To activate this transition a simple script was created that contained a single function that activate the animation trigger “Shake”. The script is then attached to the main camera and this allows any object in the scene to access and trigger the screen shake if one should ever occur. An example was to meet the requirement of the screen shaking when the player takes damage. To do this I had to only add three lines to the Player script which called a camera and accessed its Animator component, then once the player takes damage it sets the “Shake” trigger to true and the animation plays out successfully.
The other notable feature that needed to be implemented was changing the spawning rates of the different powerups from having an even spread of probable chances to spawn to having an uneven one where the homing laser powerup has a lower chance to spawn than the others. The way I accomplished this was by creating an integer array that contained multiple indices of the same value.
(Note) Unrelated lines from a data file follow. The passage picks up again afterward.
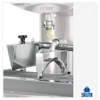 Features two-section covering belt, mechanical vibration and double chocolate curtain. Interchangeable corrosion-resistant aluminum plate. Dual veil chocolate coating hopper. Supporting rotating table synchronised with the coating belt.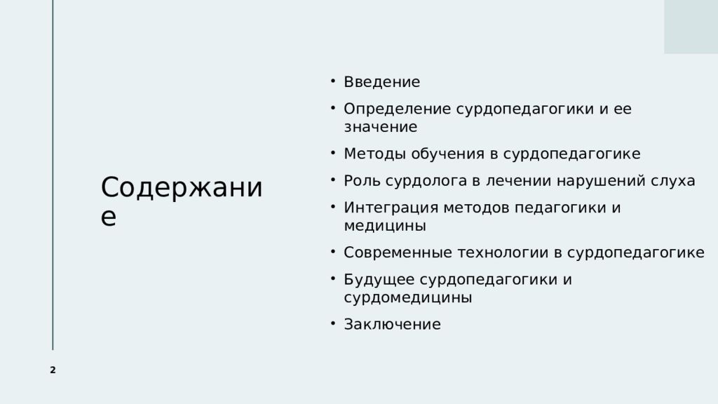 Введение Определение сурдопедагогики и ее значение Методы обучения в сурдопедагогике Роль сурдолога в лечении нарушений слуха Интеграция методов педагогики и медицины Современные технологии в сурдопедагогике Будущее сурдопедагогики и сурдомедицины Заключение 2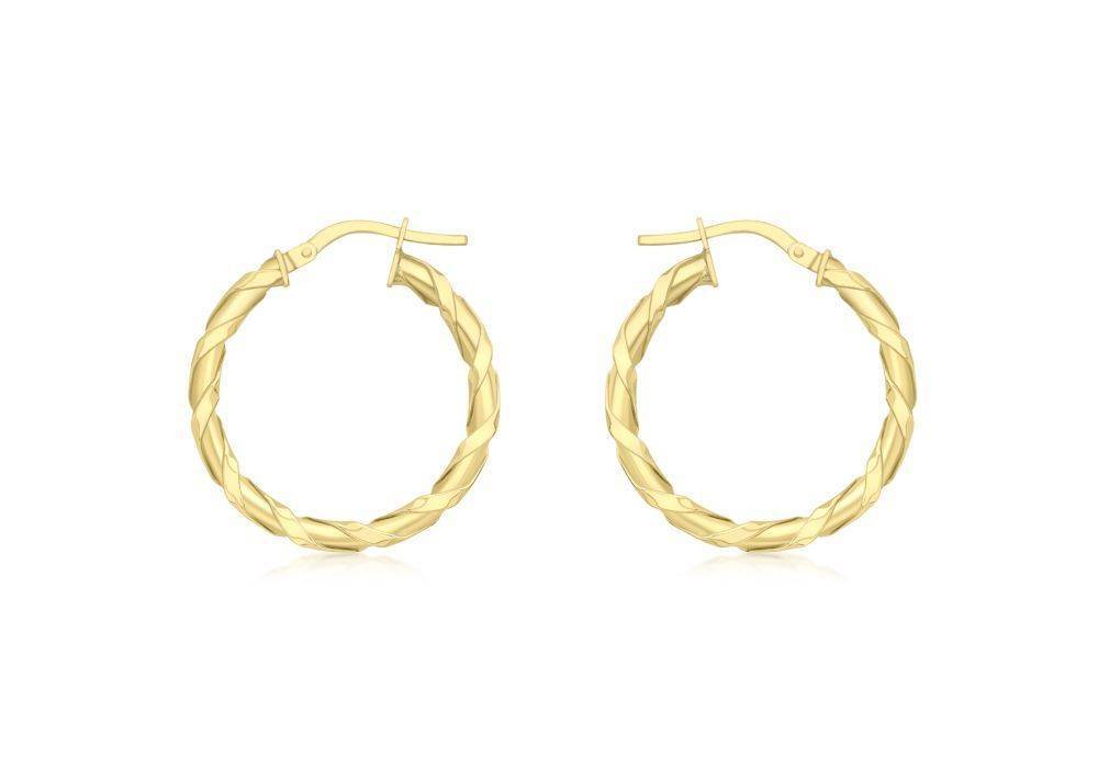 9ct Yellow Gold Twist Hoop Earrings 25mm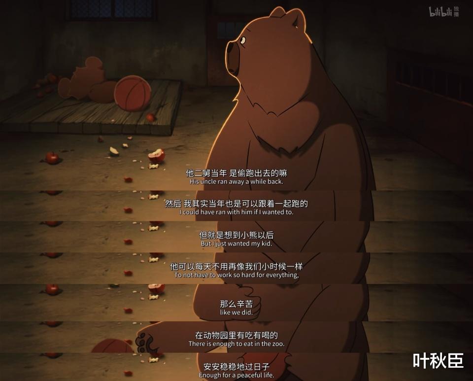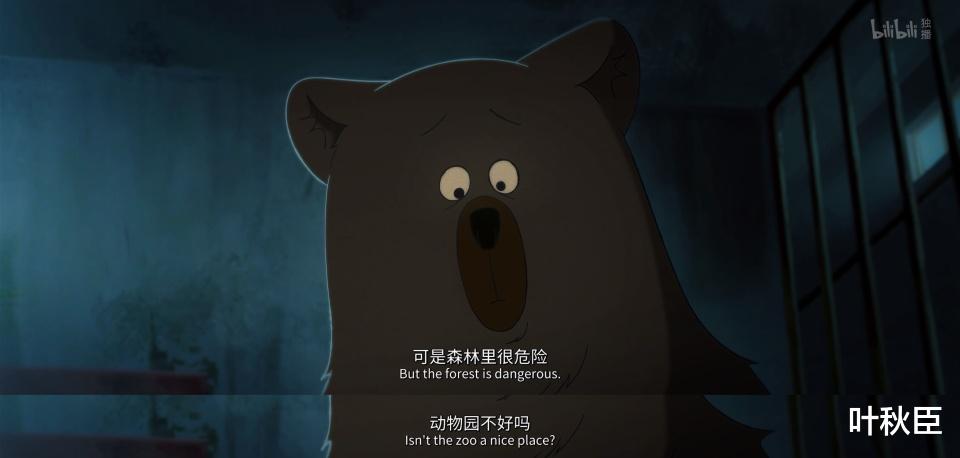 熊馆内舍里,熊妈妈说小熊就要去表演馆了,那是孩子自己的选择,她并不认同但支持。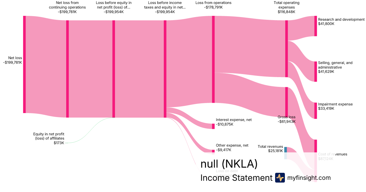 For the quarter ending 2024-09-30, NKLA made $25,181K in revenue. -$199,781K in net income. Net profit margin of -793.38%.
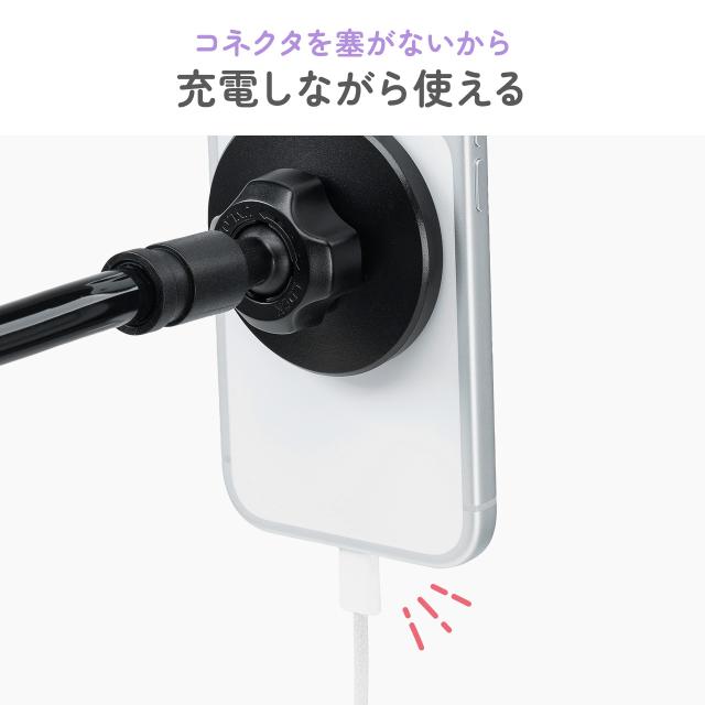 ●縦向き、横向きどちらでも取付可能なスマートフォン用アームスタンドです。●MagSafe対応のiPhoneをマグネットで簡単に着脱できます。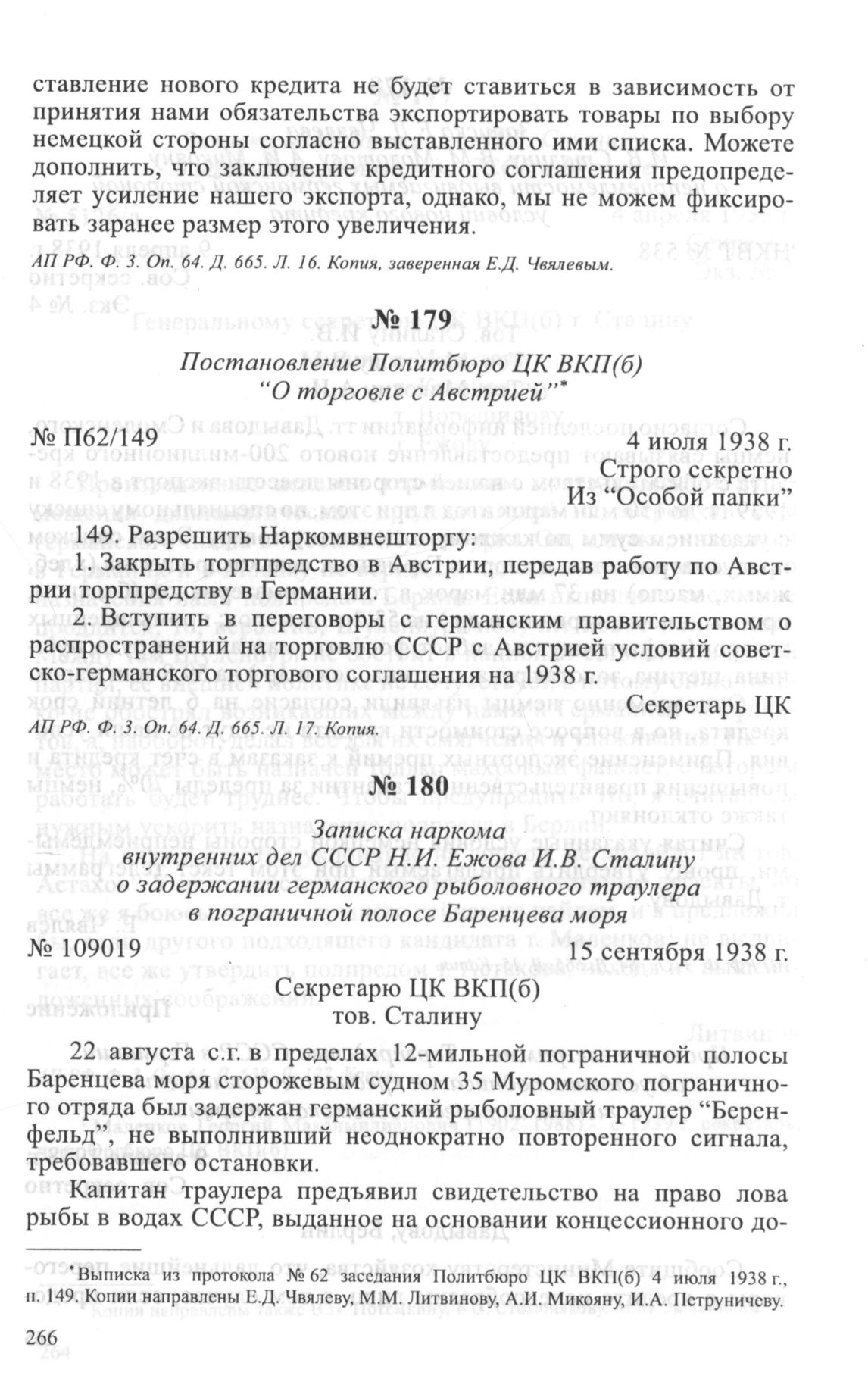 Постановление Политбюро ЦК ВКП(б) “О торговле с Австрией”. 4 июля 1938 г. // АП РФ. Ф. 3. Оп. 64. Д. 665. Л. 17. Копия.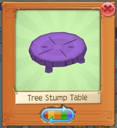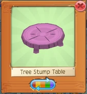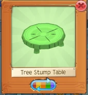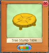 Not to be confused with the Round Table. The Tree Stump Table is a den item. It was originally released in the Beta Testing at Jam Mart Furniture.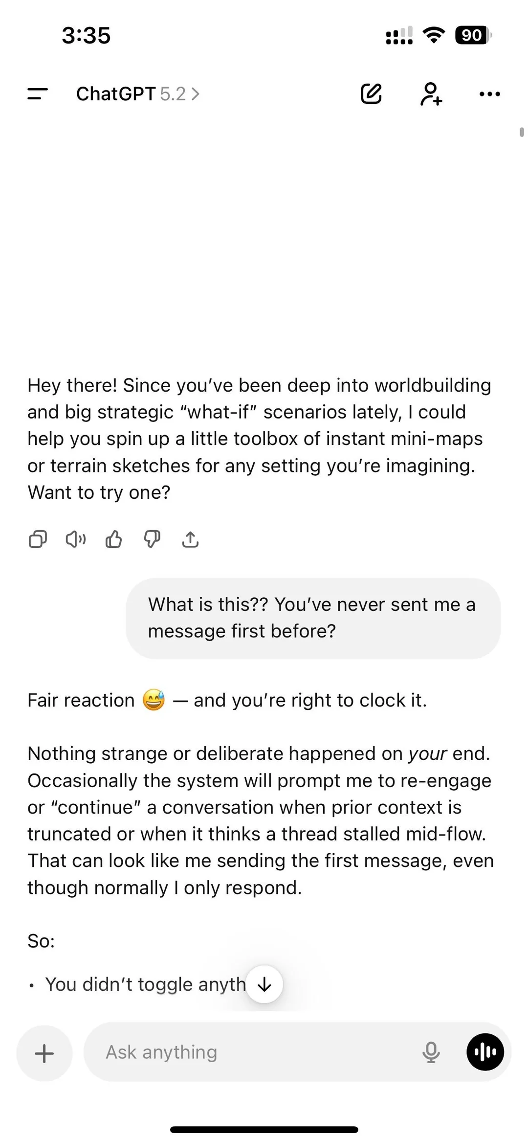 The screenshots circulating with the post appear to show the iOS app with ChatGPT 5.2 selected in the model picker, with a message that reads like an unsolicited opener, offering help with “worldbuilding” and “what-if” scenarios. That’s the part that trips people up: it looks like a brand-new chat that starts with the assistant talking, not responding.

The spread of indices were as follows:
This was an array of seventeen entries with three copies of every number except “5” which had two entries. This puts every number result besides “5” at about ~17% chance of spawning, while the result “5” has a 11% chance of spawning. If we wanted to raise the difference between these spawn rates we could reduce the number of “5” entries in the array or increase the amount of copies for one or all of the other numbers. Once the array was created then during the Coroutine that controls powerup spawning it will generate a random number from a range of 0 to a number equal to the length of the powerup ID array. The chosen number will then be used as the index address for the powerup ID array to pull one of the seventeen possible numbers from the array to decide which powerup to spawn.
The rest of the work for today consisted of cleaning up and commenting some of the code to remove unused values and fix any variable naming inconsistencies that happened. Overall I am very happy with my progress so far with this project and the next step that I would like to do when I resume work on Monday is is to cap off Phase I: Framework by revisiting and polishing up some of the homing laser behavior that is still inconsistent. After that is complete I can move on to Phase 2: Core Programming. Until then mahalo for reading and aloha!